== WHAT THE TASK REQUIRES ==
Look in the listing below for the line that has "босоножки прекрасны! на", then return it and each following line up to and including the one with "See what's behind", exactly and without pictures.

== ENTRIES SUPPLIED ==
▬▬▬▬▬▬

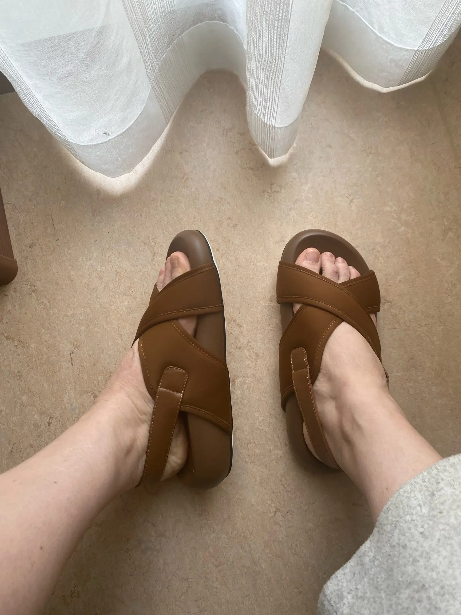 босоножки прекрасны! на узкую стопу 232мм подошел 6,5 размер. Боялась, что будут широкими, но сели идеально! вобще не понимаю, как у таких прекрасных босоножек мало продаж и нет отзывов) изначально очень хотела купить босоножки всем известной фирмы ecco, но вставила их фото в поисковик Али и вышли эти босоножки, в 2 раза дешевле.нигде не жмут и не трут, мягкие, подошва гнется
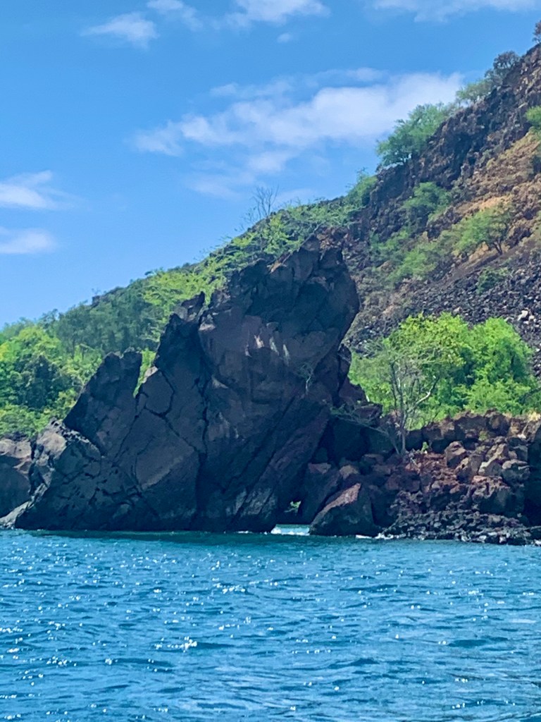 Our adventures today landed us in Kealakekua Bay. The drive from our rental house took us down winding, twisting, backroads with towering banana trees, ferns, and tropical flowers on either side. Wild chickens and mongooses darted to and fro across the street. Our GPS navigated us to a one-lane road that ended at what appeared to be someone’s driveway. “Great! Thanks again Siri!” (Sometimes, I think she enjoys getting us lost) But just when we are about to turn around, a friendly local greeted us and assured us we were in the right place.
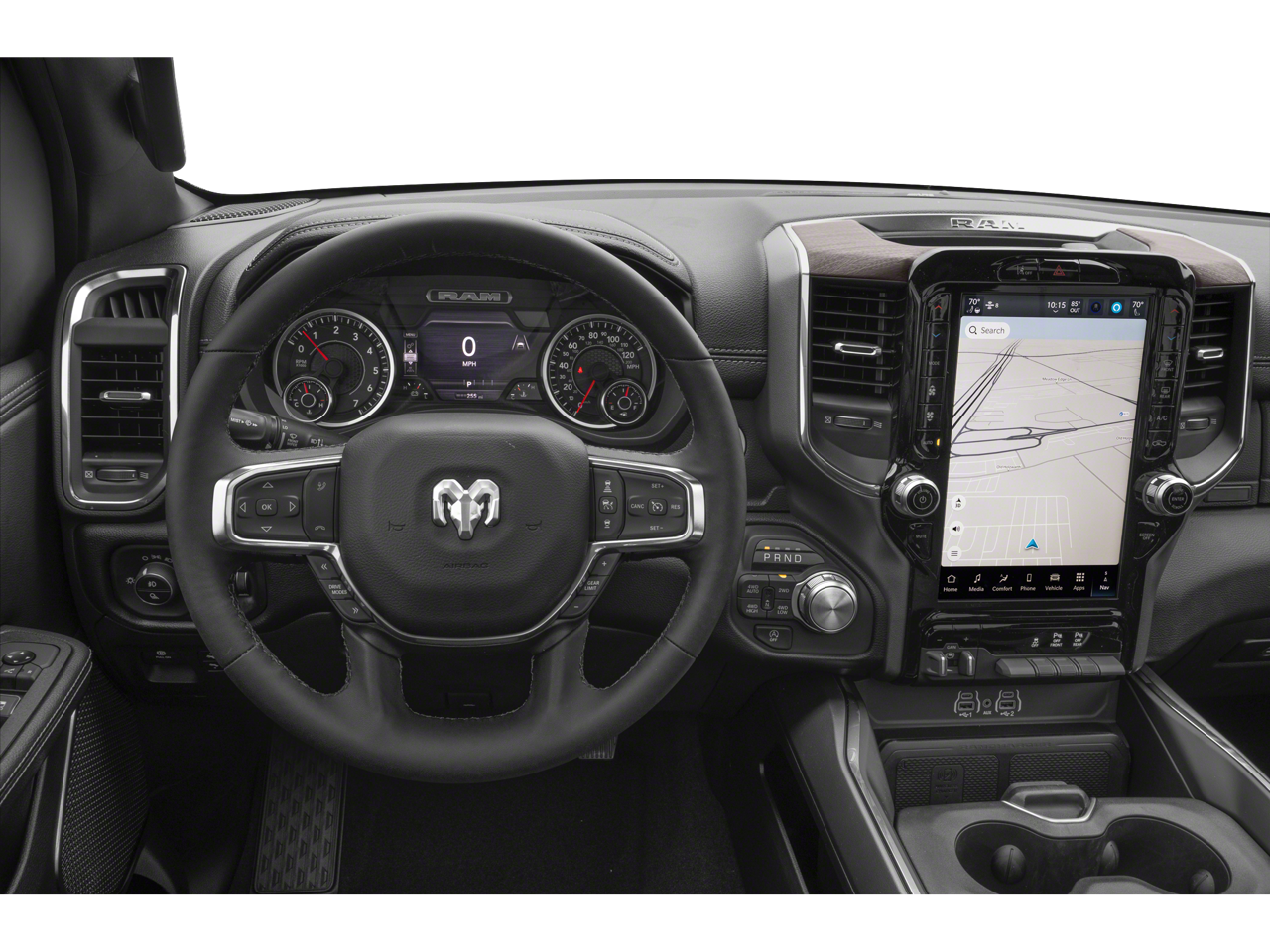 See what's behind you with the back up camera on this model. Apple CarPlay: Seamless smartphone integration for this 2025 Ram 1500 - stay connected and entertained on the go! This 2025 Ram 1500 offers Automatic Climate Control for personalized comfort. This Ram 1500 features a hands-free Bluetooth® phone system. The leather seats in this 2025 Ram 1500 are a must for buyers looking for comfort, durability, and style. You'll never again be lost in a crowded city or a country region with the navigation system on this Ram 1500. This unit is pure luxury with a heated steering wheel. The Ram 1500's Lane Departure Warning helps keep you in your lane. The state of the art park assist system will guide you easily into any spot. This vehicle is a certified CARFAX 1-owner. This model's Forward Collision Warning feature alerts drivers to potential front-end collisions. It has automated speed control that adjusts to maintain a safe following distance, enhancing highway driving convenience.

▬▬▬▬▬▬

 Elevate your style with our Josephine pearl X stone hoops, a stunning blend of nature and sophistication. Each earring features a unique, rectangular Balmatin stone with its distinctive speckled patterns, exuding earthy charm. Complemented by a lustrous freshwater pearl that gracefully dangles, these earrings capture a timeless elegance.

▬▬▬▬▬▬

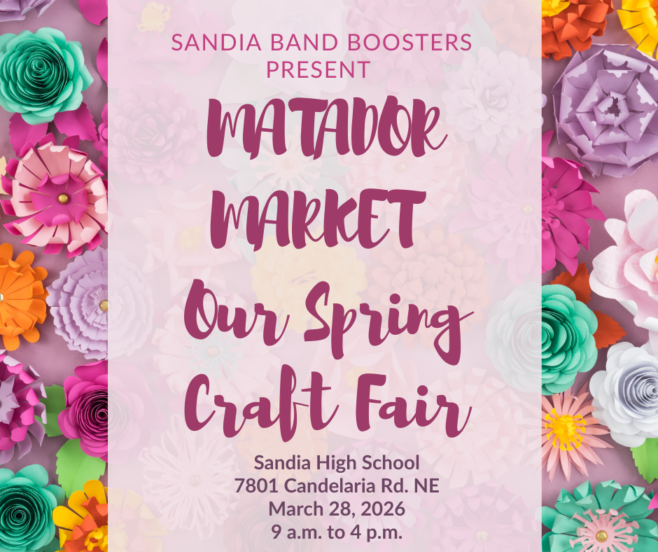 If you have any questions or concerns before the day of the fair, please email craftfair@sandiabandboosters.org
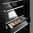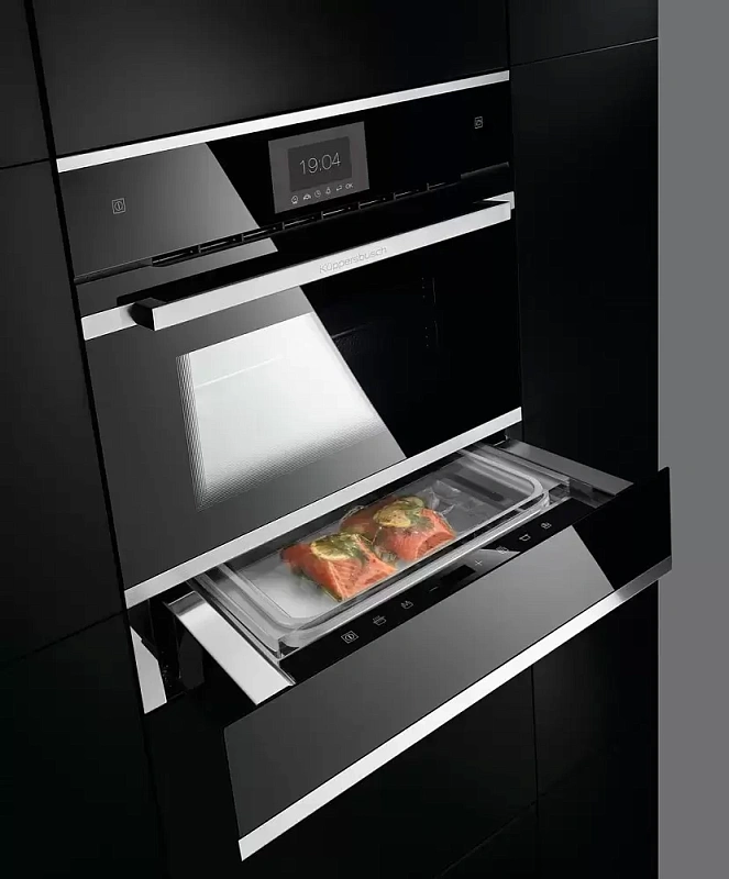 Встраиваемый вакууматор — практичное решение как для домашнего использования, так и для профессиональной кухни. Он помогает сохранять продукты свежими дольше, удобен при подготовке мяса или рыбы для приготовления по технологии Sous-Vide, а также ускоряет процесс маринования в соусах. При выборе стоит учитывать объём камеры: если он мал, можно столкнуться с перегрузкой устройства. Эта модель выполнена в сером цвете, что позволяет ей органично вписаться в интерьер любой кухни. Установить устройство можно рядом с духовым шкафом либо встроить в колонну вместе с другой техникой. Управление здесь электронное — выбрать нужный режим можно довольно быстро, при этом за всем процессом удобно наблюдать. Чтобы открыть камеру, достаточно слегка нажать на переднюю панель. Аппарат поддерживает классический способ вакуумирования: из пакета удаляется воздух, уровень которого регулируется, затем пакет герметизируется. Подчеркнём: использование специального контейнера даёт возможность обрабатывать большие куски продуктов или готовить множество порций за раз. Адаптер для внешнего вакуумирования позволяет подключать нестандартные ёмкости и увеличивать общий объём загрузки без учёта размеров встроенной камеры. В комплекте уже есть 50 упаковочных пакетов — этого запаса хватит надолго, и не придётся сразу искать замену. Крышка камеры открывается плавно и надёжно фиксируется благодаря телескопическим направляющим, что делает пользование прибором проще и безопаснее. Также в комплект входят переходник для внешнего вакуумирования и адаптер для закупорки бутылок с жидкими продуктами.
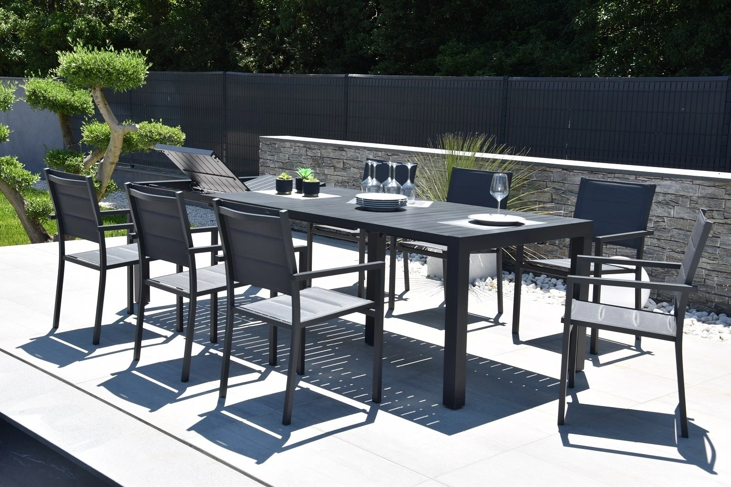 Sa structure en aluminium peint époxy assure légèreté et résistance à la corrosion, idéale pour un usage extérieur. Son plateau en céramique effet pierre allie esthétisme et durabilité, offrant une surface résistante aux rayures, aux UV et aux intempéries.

▬▬▬▬▬▬

== SOLUTION TO THIS EXERCISE ==
 босоножки прекрасны! на узкую стопу 232мм подошел 6,5 размер. Боялась, что будут широкими, но сели идеально! вобще не понимаю, как у таких прекрасных босоножек мало продаж и нет отзывов) изначально очень хотела купить босоножки всем известной фирмы ecco, но вставила их фото в поисковик Али и вышли эти босоножки, в 2 раза дешевле.нигде не жмут и не трут, мягкие, подошва гнется
 Our adventures today landed us in Kealakekua Bay. The drive from our rental house took us down winding, twisting, backroads with towering banana trees, ferns, and tropical flowers on either side. Wild chickens and mongooses darted to and fro across the street. Our GPS navigated us to a one-lane road that ended at what appeared to be someone’s driveway. “Great! Thanks again Siri!” (Sometimes, I think she enjoys getting us lost) But just when we are about to turn around, a friendly local greeted us and assured us we were in the right place.
 See what's behind you with the back up camera on this model. Apple CarPlay: Seamless smartphone integration for this 2025 Ram 1500 - stay connected and entertained on the go! This 2025 Ram 1500 offers Automatic Climate Control for personalized comfort. This Ram 1500 features a hands-free Bluetooth® phone system. The leather seats in this 2025 Ram 1500 are a must for buyers looking for comfort, durability, and style. You'll never again be lost in a crowded city or a country region with the navigation system on this Ram 1500. This unit is pure luxury with a heated steering wheel. The Ram 1500's Lane Departure Warning helps keep you in your lane. The state of the art park assist system will guide you easily into any spot. This vehicle is a certified CARFAX 1-owner. This model's Forward Collision Warning feature alerts drivers to potential front-end collisions. It has automated speed control that adjusts to maintain a safe following distance, enhancing highway driving convenience.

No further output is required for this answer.